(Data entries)

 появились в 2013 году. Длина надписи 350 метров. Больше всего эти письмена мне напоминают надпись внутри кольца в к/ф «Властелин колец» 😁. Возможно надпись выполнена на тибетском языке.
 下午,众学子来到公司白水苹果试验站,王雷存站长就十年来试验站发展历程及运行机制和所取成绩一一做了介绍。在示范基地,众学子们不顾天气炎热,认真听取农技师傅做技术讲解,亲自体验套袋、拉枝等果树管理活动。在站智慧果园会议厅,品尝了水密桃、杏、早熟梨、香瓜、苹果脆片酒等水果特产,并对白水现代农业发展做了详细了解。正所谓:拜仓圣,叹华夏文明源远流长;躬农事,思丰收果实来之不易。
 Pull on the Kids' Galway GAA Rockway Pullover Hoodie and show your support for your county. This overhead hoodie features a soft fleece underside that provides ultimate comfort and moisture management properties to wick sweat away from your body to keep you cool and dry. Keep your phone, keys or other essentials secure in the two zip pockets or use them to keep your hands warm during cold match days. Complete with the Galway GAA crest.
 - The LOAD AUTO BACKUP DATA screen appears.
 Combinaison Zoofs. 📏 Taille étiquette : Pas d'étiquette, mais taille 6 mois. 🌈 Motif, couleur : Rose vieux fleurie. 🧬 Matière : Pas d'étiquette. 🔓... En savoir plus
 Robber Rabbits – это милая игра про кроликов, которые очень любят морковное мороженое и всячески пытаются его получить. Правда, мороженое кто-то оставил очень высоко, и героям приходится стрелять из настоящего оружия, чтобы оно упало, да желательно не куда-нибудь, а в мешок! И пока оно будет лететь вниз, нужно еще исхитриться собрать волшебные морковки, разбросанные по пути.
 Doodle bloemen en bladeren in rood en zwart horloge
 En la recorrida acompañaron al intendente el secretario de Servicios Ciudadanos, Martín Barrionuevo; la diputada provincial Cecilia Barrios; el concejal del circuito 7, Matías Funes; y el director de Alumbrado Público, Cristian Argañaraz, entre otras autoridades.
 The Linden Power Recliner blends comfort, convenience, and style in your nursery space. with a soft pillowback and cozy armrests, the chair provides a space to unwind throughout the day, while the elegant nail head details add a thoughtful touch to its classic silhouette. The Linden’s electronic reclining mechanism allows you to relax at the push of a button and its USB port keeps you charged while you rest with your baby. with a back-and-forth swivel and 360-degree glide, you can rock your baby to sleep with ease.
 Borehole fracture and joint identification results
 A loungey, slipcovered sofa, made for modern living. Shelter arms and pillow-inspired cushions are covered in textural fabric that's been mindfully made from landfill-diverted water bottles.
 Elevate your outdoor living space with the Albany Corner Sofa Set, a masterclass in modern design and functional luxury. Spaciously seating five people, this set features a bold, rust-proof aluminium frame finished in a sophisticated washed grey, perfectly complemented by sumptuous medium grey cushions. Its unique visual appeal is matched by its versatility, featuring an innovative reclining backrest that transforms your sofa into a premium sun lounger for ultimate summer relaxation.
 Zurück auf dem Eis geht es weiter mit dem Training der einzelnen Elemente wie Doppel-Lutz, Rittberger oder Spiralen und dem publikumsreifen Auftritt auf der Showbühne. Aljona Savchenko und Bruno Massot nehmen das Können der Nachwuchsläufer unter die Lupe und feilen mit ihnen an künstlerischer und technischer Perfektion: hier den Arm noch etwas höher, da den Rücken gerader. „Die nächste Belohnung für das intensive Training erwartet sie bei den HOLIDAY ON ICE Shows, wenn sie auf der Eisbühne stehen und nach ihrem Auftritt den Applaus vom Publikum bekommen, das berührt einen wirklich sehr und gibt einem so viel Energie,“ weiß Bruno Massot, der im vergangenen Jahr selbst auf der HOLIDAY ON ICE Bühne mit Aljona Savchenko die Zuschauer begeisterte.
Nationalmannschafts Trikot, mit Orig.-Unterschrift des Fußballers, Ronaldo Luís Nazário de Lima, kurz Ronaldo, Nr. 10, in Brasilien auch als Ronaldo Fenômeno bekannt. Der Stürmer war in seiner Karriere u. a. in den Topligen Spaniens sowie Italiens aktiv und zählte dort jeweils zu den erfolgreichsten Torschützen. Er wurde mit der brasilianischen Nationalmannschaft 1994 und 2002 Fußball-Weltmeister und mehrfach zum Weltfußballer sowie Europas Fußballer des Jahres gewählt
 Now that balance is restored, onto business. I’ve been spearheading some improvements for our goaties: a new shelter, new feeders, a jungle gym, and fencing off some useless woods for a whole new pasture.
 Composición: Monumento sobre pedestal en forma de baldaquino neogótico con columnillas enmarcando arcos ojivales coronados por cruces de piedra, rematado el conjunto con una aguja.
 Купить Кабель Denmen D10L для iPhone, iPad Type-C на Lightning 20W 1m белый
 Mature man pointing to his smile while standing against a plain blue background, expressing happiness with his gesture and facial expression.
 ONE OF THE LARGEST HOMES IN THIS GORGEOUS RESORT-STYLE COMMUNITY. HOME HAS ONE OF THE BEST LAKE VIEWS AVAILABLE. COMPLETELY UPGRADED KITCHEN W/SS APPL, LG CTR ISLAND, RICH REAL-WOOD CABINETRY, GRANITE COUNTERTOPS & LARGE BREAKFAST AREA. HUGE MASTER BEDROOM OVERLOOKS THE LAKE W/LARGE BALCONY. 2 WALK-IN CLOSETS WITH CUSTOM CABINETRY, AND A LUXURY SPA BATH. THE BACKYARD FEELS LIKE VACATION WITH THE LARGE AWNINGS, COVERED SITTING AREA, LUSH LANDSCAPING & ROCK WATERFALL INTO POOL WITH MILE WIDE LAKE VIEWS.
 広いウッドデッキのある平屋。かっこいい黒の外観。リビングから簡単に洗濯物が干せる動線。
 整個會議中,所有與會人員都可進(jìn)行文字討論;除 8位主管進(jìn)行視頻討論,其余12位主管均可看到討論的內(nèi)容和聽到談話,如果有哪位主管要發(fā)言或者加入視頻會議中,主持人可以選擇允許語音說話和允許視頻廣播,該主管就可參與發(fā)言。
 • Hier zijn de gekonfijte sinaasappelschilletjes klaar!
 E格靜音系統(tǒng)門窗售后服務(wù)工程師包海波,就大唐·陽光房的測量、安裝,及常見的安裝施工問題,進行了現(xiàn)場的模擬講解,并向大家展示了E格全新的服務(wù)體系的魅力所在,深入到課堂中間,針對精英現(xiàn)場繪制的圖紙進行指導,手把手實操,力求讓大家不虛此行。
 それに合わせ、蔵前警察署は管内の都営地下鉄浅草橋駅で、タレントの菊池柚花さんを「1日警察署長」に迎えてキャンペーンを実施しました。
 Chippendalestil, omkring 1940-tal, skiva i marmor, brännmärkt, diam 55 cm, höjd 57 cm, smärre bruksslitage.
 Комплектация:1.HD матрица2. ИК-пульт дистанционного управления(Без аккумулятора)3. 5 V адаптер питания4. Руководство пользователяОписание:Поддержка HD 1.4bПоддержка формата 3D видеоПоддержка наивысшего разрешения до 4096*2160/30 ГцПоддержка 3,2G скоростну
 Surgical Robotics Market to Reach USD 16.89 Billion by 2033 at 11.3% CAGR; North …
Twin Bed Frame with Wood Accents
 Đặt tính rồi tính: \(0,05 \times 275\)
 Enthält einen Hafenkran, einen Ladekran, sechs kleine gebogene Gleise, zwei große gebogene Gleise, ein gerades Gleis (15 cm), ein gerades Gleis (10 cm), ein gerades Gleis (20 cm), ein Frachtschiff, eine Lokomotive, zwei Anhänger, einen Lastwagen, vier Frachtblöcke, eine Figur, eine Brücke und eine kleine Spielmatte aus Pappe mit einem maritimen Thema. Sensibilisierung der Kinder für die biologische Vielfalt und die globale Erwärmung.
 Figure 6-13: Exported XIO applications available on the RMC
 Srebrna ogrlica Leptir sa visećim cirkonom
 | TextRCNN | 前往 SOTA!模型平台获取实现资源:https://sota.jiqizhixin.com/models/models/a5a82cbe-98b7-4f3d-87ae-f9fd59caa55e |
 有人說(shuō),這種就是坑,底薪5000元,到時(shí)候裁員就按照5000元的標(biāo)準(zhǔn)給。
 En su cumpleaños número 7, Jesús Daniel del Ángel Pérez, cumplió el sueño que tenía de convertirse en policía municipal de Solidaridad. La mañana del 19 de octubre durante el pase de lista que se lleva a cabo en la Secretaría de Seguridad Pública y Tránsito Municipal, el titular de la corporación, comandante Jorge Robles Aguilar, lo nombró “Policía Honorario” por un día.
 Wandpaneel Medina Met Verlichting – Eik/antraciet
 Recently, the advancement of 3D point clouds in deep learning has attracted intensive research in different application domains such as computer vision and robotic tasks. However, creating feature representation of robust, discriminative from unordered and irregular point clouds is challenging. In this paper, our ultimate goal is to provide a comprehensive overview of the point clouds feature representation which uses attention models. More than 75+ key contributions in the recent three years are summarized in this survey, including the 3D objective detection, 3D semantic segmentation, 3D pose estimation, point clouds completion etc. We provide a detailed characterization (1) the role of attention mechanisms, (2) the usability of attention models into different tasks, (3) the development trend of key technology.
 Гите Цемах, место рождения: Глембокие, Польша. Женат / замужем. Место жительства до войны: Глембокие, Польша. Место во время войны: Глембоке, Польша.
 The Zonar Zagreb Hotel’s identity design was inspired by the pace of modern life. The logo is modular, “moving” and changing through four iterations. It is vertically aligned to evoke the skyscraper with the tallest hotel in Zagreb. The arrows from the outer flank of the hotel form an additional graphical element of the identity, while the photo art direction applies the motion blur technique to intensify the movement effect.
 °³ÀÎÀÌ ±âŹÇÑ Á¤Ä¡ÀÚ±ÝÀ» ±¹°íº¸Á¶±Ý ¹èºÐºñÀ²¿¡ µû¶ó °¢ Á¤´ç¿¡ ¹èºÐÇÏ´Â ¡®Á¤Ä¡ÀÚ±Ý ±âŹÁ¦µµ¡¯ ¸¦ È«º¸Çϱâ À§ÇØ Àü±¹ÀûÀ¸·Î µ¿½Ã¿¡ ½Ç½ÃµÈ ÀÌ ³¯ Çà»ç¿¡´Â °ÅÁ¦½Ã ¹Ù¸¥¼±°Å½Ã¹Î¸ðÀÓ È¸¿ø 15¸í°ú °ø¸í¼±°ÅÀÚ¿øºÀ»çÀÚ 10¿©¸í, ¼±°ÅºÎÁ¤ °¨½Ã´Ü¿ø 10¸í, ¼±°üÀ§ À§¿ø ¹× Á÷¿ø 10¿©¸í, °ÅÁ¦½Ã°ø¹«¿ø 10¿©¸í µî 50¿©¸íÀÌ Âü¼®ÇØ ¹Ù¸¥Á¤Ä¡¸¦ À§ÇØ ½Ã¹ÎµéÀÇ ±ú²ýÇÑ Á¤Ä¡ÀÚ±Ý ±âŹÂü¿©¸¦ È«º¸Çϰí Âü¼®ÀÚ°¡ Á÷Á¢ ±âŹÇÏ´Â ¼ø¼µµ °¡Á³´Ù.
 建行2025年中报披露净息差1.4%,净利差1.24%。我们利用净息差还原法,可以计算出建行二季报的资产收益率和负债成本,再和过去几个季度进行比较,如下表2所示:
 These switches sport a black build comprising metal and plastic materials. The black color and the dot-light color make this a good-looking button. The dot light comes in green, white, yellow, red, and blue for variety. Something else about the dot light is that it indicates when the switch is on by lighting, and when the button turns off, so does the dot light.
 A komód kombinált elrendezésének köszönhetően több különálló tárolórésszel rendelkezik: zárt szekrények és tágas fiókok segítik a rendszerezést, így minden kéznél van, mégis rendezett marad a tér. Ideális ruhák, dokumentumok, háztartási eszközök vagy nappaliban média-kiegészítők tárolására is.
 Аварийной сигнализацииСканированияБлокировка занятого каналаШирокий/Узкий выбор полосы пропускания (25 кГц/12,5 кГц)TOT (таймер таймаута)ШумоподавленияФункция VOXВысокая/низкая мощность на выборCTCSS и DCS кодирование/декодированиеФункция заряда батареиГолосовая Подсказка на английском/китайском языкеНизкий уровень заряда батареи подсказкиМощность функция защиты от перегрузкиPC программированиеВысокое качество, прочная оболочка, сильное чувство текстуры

--- WHAT THE TASK ASKS ---
Of the entries above, repeat exactly the lines between the line with "Zurück auf dem" and the line with "Nationalmannschafts Trikot, mit", inclusive, and no others.

--- COMPLETED TASK ---
 Zurück auf dem Eis geht es weiter mit dem Training der einzelnen Elemente wie Doppel-Lutz, Rittberger oder Spiralen und dem publikumsreifen Auftritt auf der Showbühne. Aljona Savchenko und Bruno Massot nehmen das Können der Nachwuchsläufer unter die Lupe und feilen mit ihnen an künstlerischer und technischer Perfektion: hier den Arm noch etwas höher, da den Rücken gerader. „Die nächste Belohnung für das intensive Training erwartet sie bei den HOLIDAY ON ICE Shows, wenn sie auf der Eisbühne stehen und nach ihrem Auftritt den Applaus vom Publikum bekommen, das berührt einen wirklich sehr und gibt einem so viel Energie,“ weiß Bruno Massot, der im vergangenen Jahr selbst auf der HOLIDAY ON ICE Bühne mit Aljona Savchenko die Zuschauer begeisterte.
Nationalmannschafts Trikot, mit Orig.-Unterschrift des Fußballers, Ronaldo Luís Nazário de Lima, kurz Ronaldo, Nr. 10, in Brasilien auch als Ronaldo Fenômeno bekannt. Der Stürmer war in seiner Karriere u. a. in den Topligen Spaniens sowie Italiens aktiv und zählte dort jeweils zu den erfolgreichsten Torschützen. Er wurde mit der brasilianischen Nationalmannschaft 1994 und 2002 Fußball-Weltmeister und mehrfach zum Weltfußballer sowie Europas Fußballer des Jahres gewählt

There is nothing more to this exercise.